Required action ▸ When you reach the line with "かまぼこを1センチ幅に切り、", transcribe it and each line after it through the last one below, exactly. Pictures stay out.

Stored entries
···

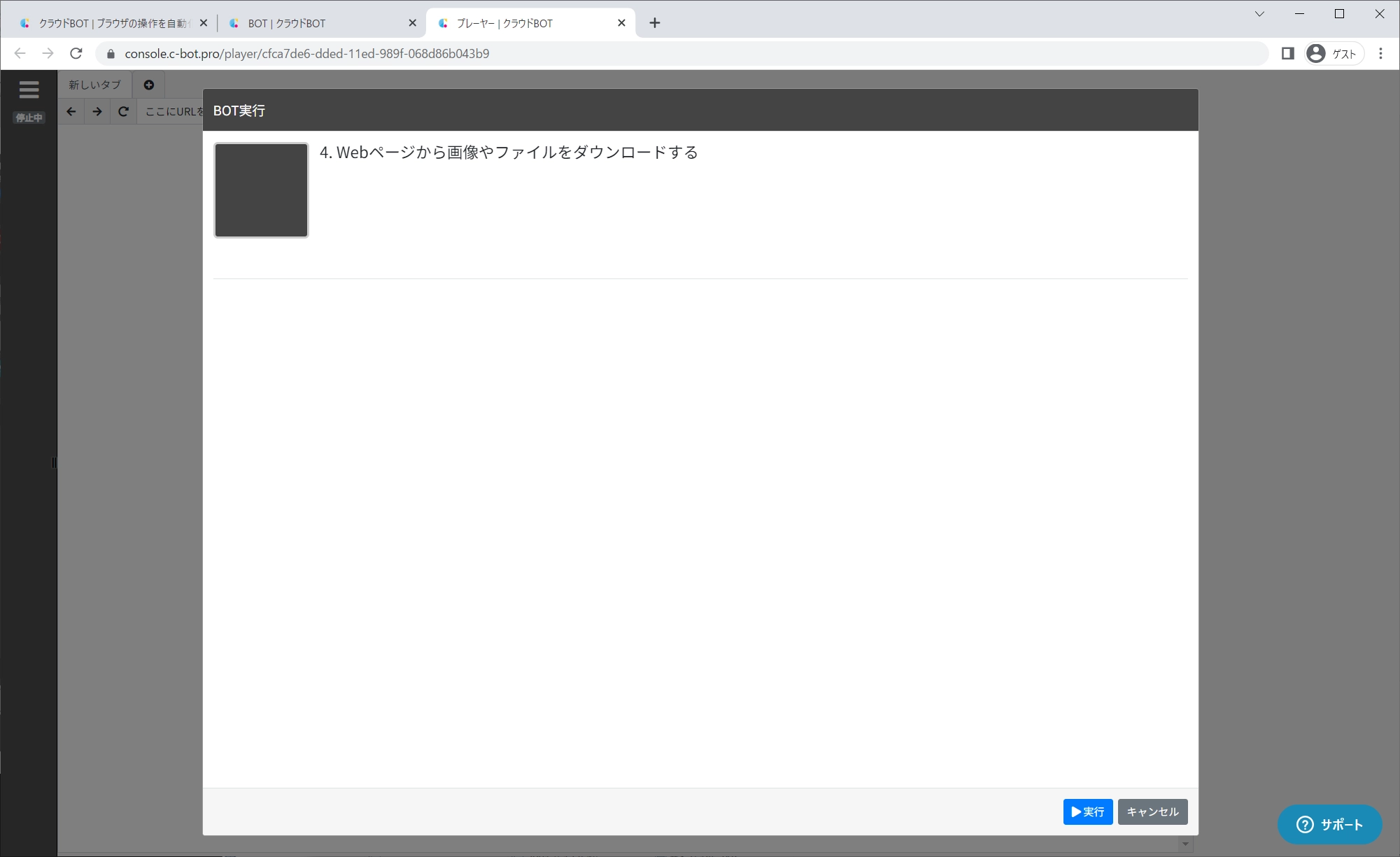 作成したBOTを選択し、実行画面からBOTを実行します。
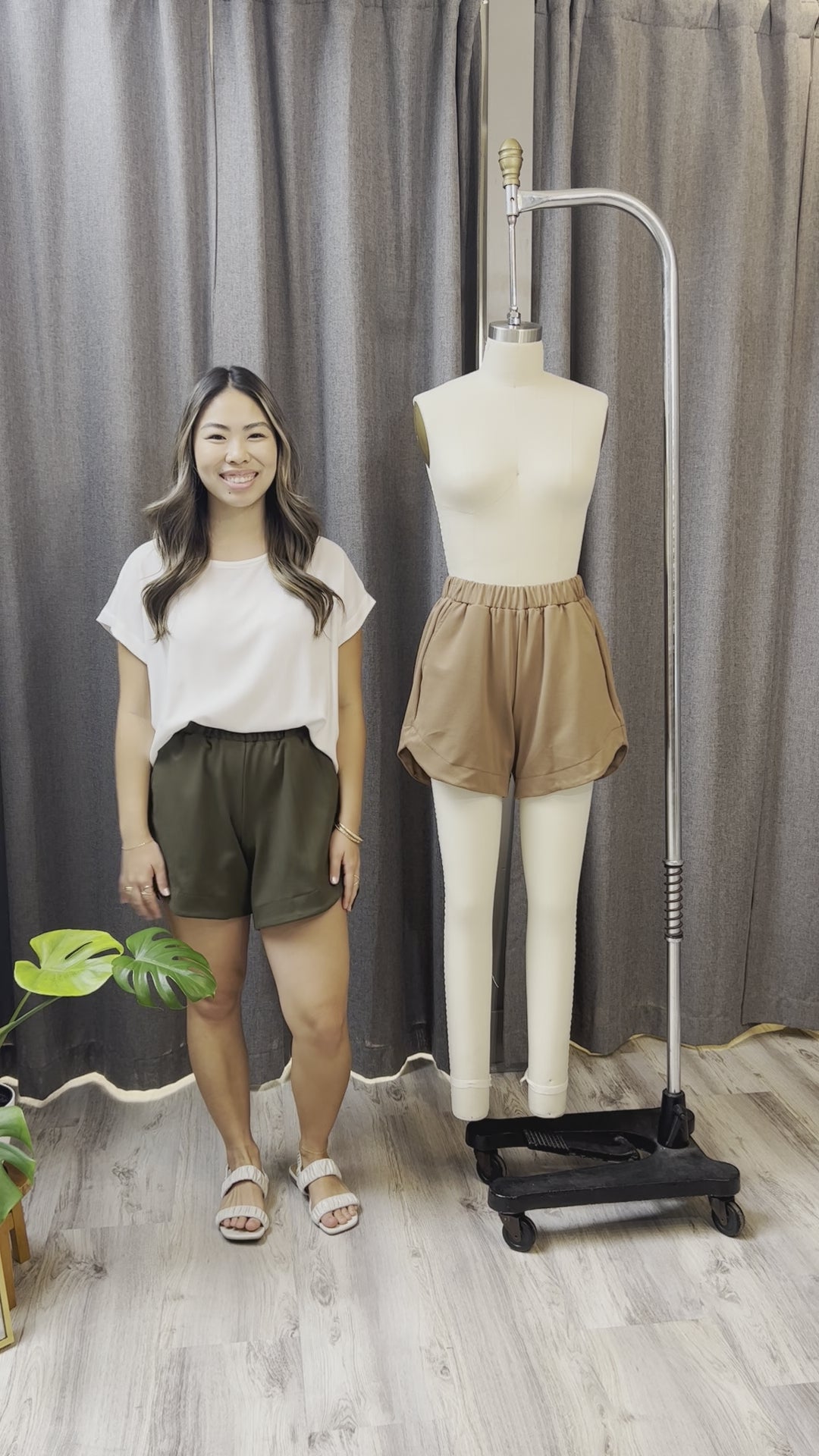 A loose fitting, longer short with a curved hem and shorter out-seam to elongate the legs. The full elastic waistband makes it comfortable for all day wear.
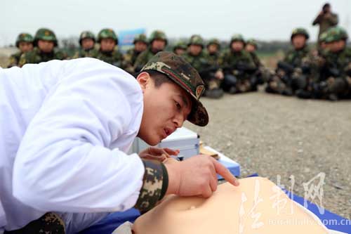 圖為在第一個(gè)休息點(diǎn)開展戰(zhàn)場救護(hù)科目教學(xué)
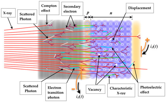 In fact, the Compton scattering is predominant for the energy range used here, however both scattered photons (which have lower energy) by the Compton effect and characteristic X-rays can contribute to the photoelectric effect as well. Such electron rain from the device package and chip itself produce pairs of electron-holes in the semiconductor device, and consequently a flow of charge carriers appears due to the electric field at the pn junction: id(t), the device current [35].
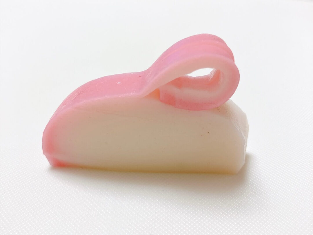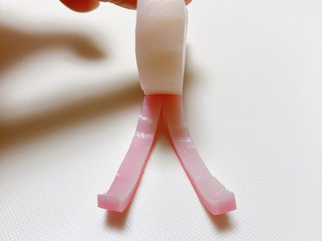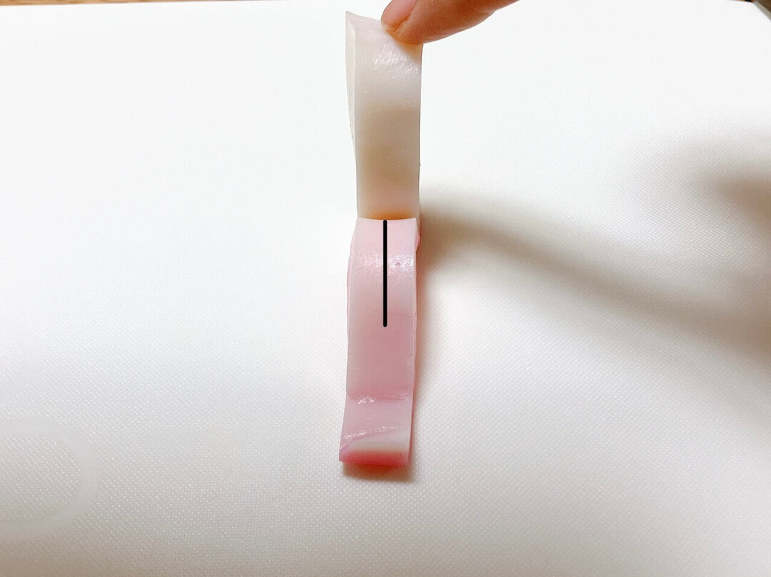 かまぼこを1センチ幅に切り、ピンク色の下側を2/3まで切り込みを入れます。白い部分も少し入るように厚めに切るときれいに仕上がりますよ。
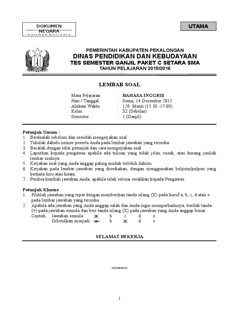 SOAL BAHASA INGGRIS KELAS XI SEMESTER 2 PETUNJUK | Al Khaerul Anam …
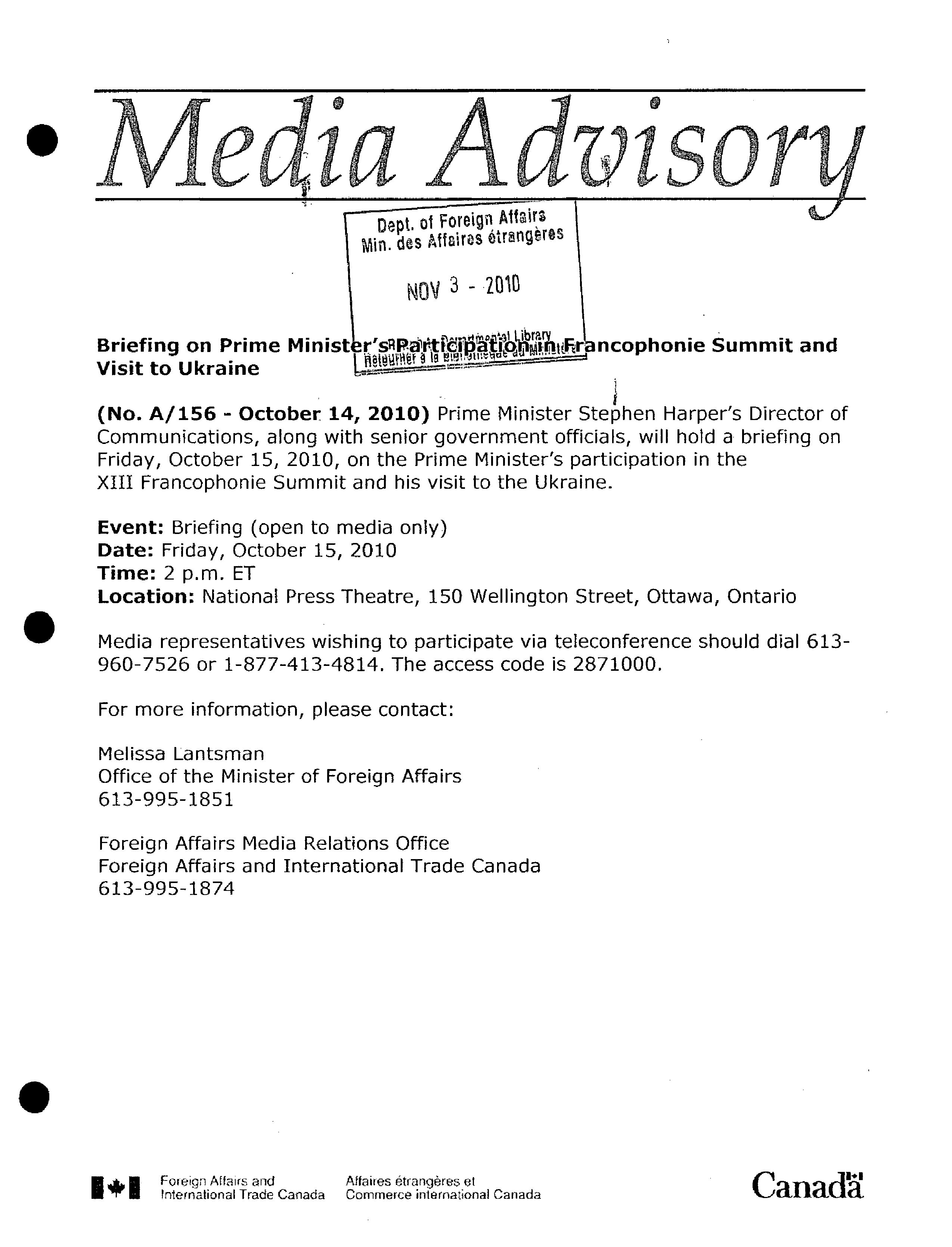 Media advisory / Department of Foreign Affairs and International Trade. 2010

···

Expected answer ▸
 かまぼこを1センチ幅に切り、ピンク色の下側を2/3まで切り込みを入れます。白い部分も少し入るように厚めに切るときれいに仕上がりますよ。
 SOAL BAHASA INGGRIS KELAS XI SEMESTER 2 PETUNJUK | Al Khaerul Anam …
 Media advisory / Department of Foreign Affairs and International Trade. 2010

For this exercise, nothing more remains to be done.